_Task instructions_: Retype the listing exactly, minus its pictures.

_Source material_:
□ □ □ □ □ □ □
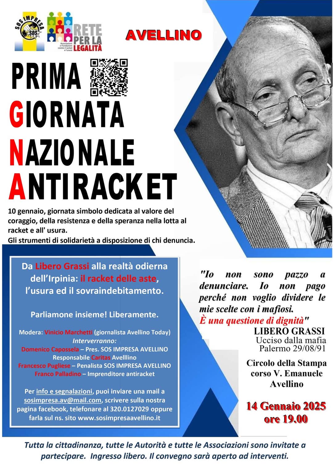 Avellino Celebra la Prima Giornata Nazionale Antiracket – 14 Gennaio 2025: SoS Impresa Avellino celebra la Prima Giornata Nazionale Antiracket con l’evento:
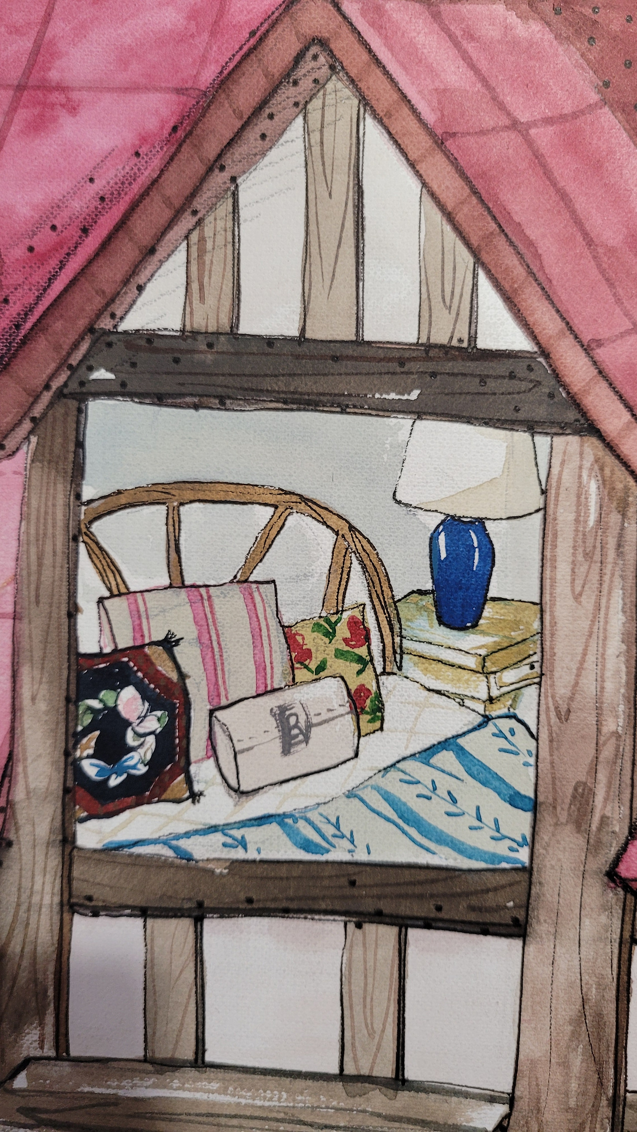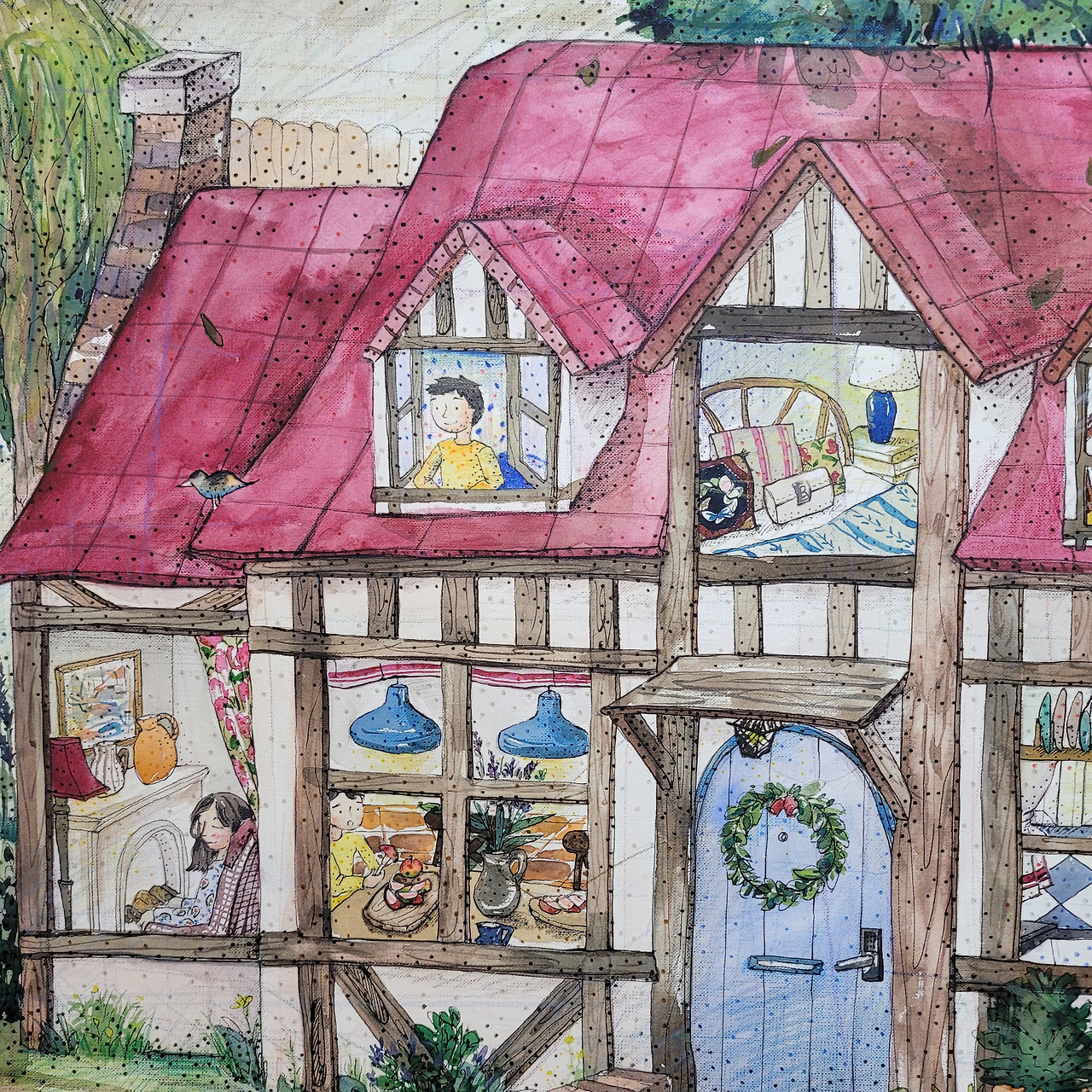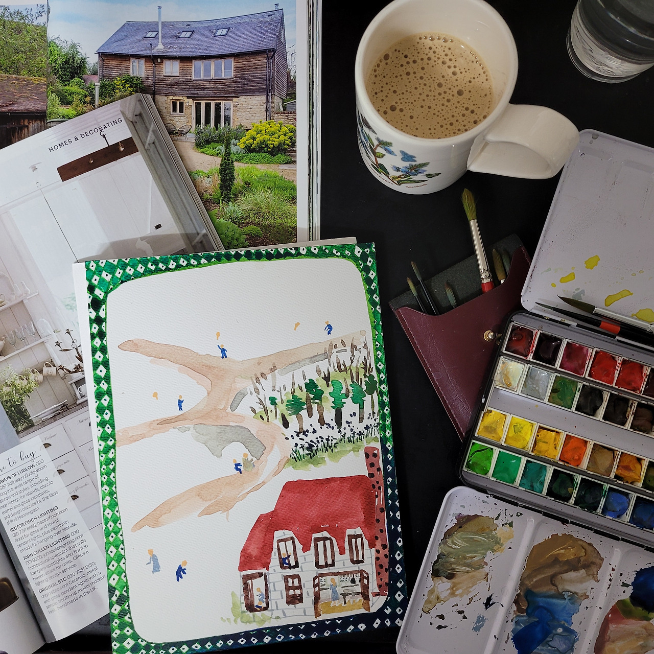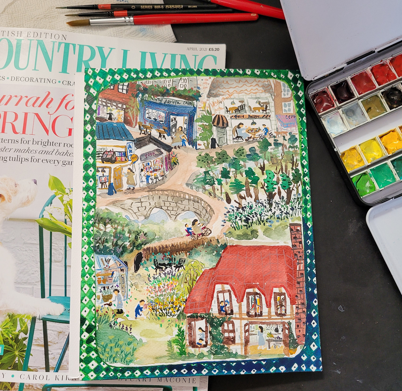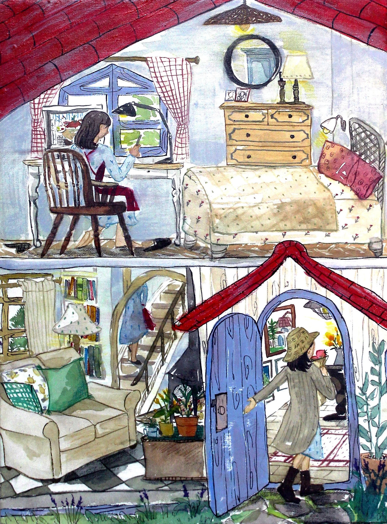 우연히 드로잉 한 패턴을 그림의 테투리에 넣고, 그 안에 뭉실뭉실 내가 살고 싶은 삶의 방향을 담았다. 아름다운 시간을 담은 접원의 집, 손질이 가능한 정도의 정원, 시원한 바람을 맞으며 달리는 자전거의 우리, 늘 동경하던 어느 나라의 작은 도시 그곳의 아름다운 숍들. 그곳에서의 우리. 그렇게 하나하나 그려가니 그림이 완성되어갔다.
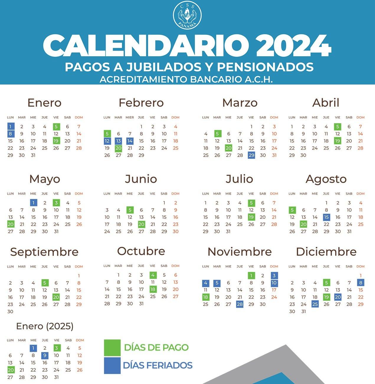 La Caja del Seguro Social (CSS) publicó el calendario de pagos a jubilados y pensionados en el 2024, los cuales iniciarán en enero con las transferencias por ACH el viernes 5 de enero.
□ □ □ □ □ □ □
_Response_:
 Avellino Celebra la Prima Giornata Nazionale Antiracket – 14 Gennaio 2025: SoS Impresa Avellino celebra la Prima Giornata Nazionale Antiracket con l’evento:
 우연히 드로잉 한 패턴을 그림의 테투리에 넣고, 그 안에 뭉실뭉실 내가 살고 싶은 삶의 방향을 담았다. 아름다운 시간을 담은 접원의 집, 손질이 가능한 정도의 정원, 시원한 바람을 맞으며 달리는 자전거의 우리, 늘 동경하던 어느 나라의 작은 도시 그곳의 아름다운 숍들. 그곳에서의 우리. 그렇게 하나하나 그려가니 그림이 완성되어갔다.
 La Caja del Seguro Social (CSS) publicó el calendario de pagos a jubilados y pensionados en el 2024, los cuales iniciarán en enero con las transferencias por ACH el viernes 5 de enero.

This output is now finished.